The 1980’s continued to show growth for the organization. The ambulance service expanded with the start of the Medic I project. The project involved the joining of forces by numerous agencies in Northampton County. The Chevy Suburban vehicle was housed at Bethlehem Township Volunteer Fire Company, but the staffing came from each of the agencies involved. The original agencies involved were Allen Twp, East Allen Twp, Bath, Moore Twp, Hecktown, Hanover, Suburban, Williams Twp, Dewey, Se-Wy-Co. The rescue truck was sent out for refurbishment; little did anyone know it would be more than two years before it returned to service. The vendor that was chosen to refurb the vehicle experienced a fire after the rescue truck was at their location. Fortunately, the truck was not at the vendor’s location at the time of the fire.
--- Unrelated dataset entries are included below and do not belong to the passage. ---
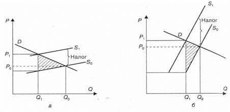 неэластичном (б) спросе: D - спрос; S0, S1, - предложение до и после введения налога [Л1, с.
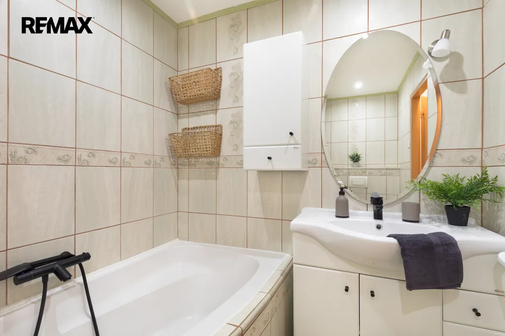 ✅ Koupelna zděná, béžové obklady, podélná vana, umývadlová skříňka, nové černé baterie, ve vaně termostatická baterie
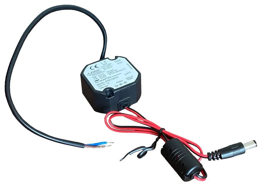 Stabilizovaný pulzní zdroj DC 12 V (1 A) s účinností 77 % je určený pro instalaci do elektrikářské krabice. Samozřejmostí je ochrana proti přetížení a zkratu.
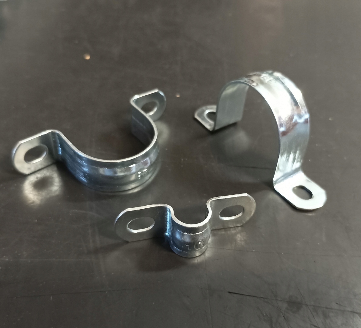 Зажим оцинкованный, поддерживающий круглые элементы, со штифтовым креплением с обеих сторон.
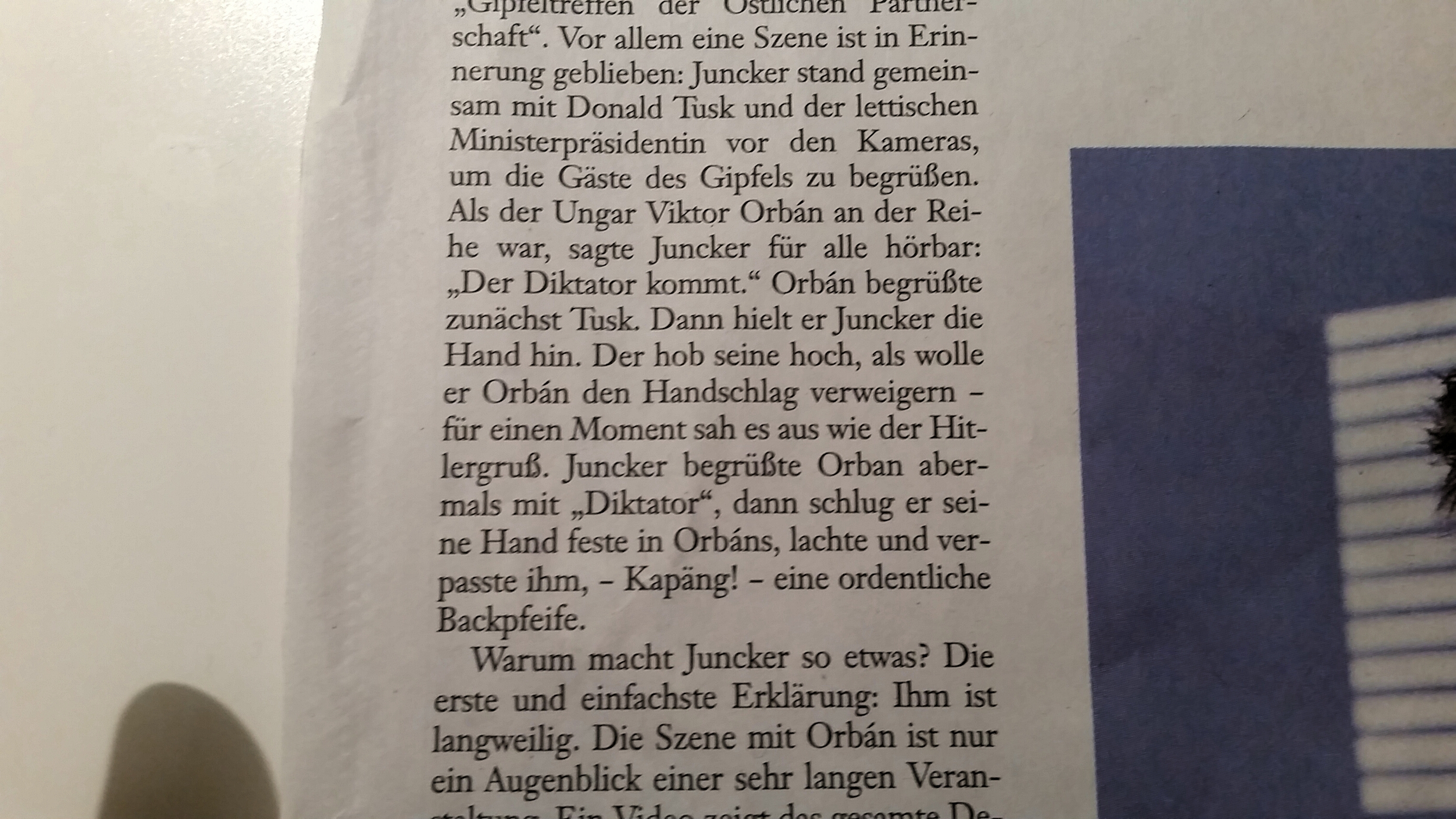 Bin ich eigentlich ein Rebell, wenn ich die Sonntagszeitung montags lese? Nein, ich habe das Konzept Zeitung einfach nur verstanden und es wäre mir ansonsten obiger Artikel-Ausschnitt entgangen, der Jean-Claude Junckers Vorliebe für Körperkontakt und einen gewissen Humor zum Gegenstand hat.
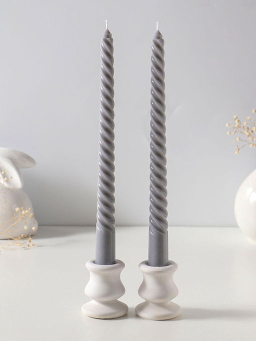 Цена за 2 шт. Свеча витая 25 см (набор 2 шт) 57 гр, 5 ч, цв. серый
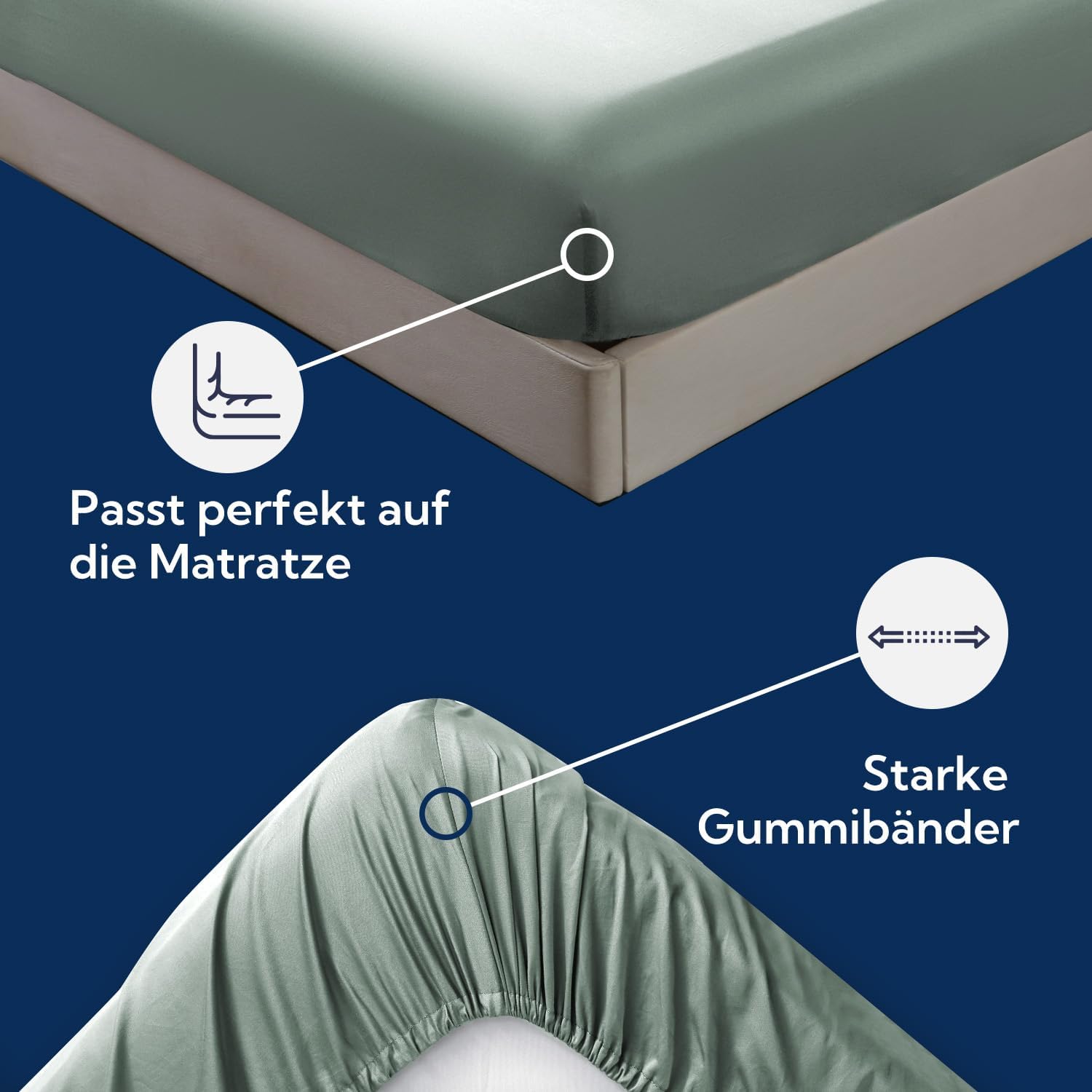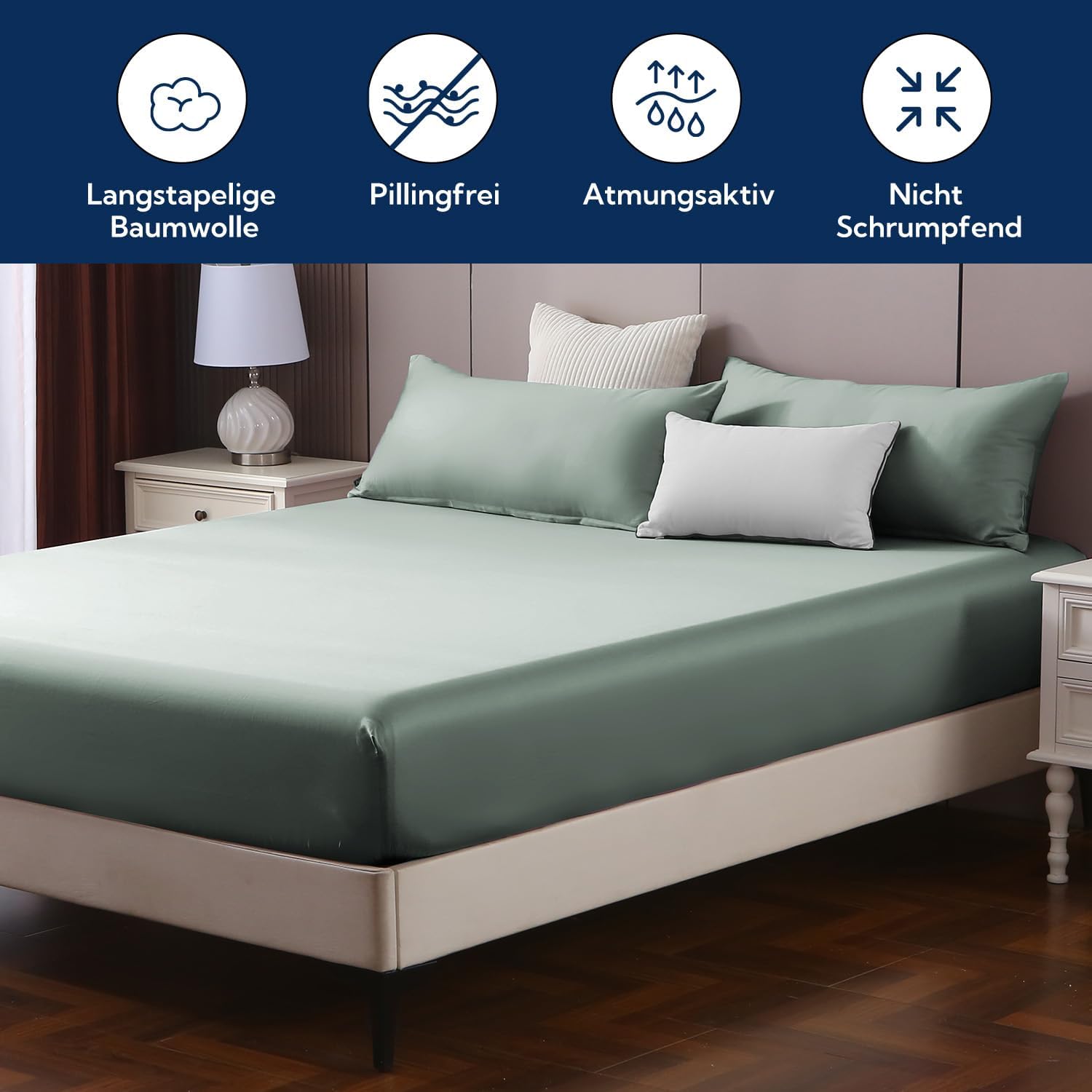 Angenehm weiches Satin-Spannbettlaken aus hochwertiger langstapliger Baumwolle, das gut auf Matratzen bis 25 cm sitzt und in der Farbe GrauSage der Beschreibung entspricht. Verarbeitung und Passform wirken solide, das Material fühlt sich auf der Haut angenehm an und lässt sich leicht beziehen.

Every Monday night for more than two years we would hear Rescue 228 reported out of service. A committee was started to begin the process of specifying a new pumper for the company. In 1989 we placed the new pumper (1989 Mack CF) in service. This ended the days of riding on the tailboard of the trucks to the call.

The station number changed from 225 to 17 in the 1990’s as we joined the remainder of the county in using four digits to identify apparatus. The “mini” (1975 Dodge) was replaced in 1996 with a new four man cab truck that had fire and rescue capabilities. The rescue truck that was purchased in the 1960’s was getting tired. Another committee was appointed to specify a new rescue truck. The new rescue truck 1741 (1999 Freightliner) was placed into service in 1999. The old rescue truck became a specialty truck used for trench rescue. The EMS side also saw new vehicles purchased during this decade. We went from the traditional ambulance to a new International chassis. The ambulances were now trucks and had an air-ride suspension. The volume of ambulance calls forced the company to employ EMS staff. We could no longer rely on an all volunteer ambulance crew.

The new century brought some of the old and some new challenges to the organization. The vehicle fleet stabilized, membership was also fairly stable. We out grew the old station and it was decided to build a new station. The best location to build the station was at 1919 8th St, our home since 1949. For one year we were stationed at the Coolidge Building at 5th & Orth Sts, the former Municipal building.

No one was prepared for the events of September 11, 2001, when we were attacked by terrorists on our own soil. The members of Bethlehem Township Volunteer Fire Company wanted to help just as everyone across the nation wanted to help. Seventeen members responded to New York City the afternoon of September 11, 2001. Our members were staged at Fort Lee High School in New Jersey for the night, but they were sent to ground zero on the morning of September 12th. Although our services were not utilized in New York, our team was proud to be there to offer aid. The fire company had never seen the type of widespread support seen during the months following September 11th. Another major disaster occurred in 2005 when a hurricane named Katrina struck the Gulf Coast. One of our ambulances was deployed to help in the New Orleans region as part of the strike team from the Eastern PA EMS Council.

Our services continue to expand as does the Township. For this reason we purchased the house and property next door to the station to allow for expansion. January 1, 2011 we moved into the new wing of the station. This new wing will allow us to grow for many years to come. We made it a classic fire station by adding a pole from the second floor to the truck bay. Our fleet has grown over the years and now includes 2 pumpers, a heavy rescue, a brush/rescue truck, 2 pick-up trucks that can tow the boat, 4 wheeler and/or gator, a command vehicle and an operations vehicle. We also have 6 advanced life support ambulances and the Medic 1 truck. The building has a training room, communications room, sleeping quarters, office space and meeting rooms.

It is amazing how the organization has grown over the years from a small group of Civil Defense Wardens to the multifaceted organization that exists today.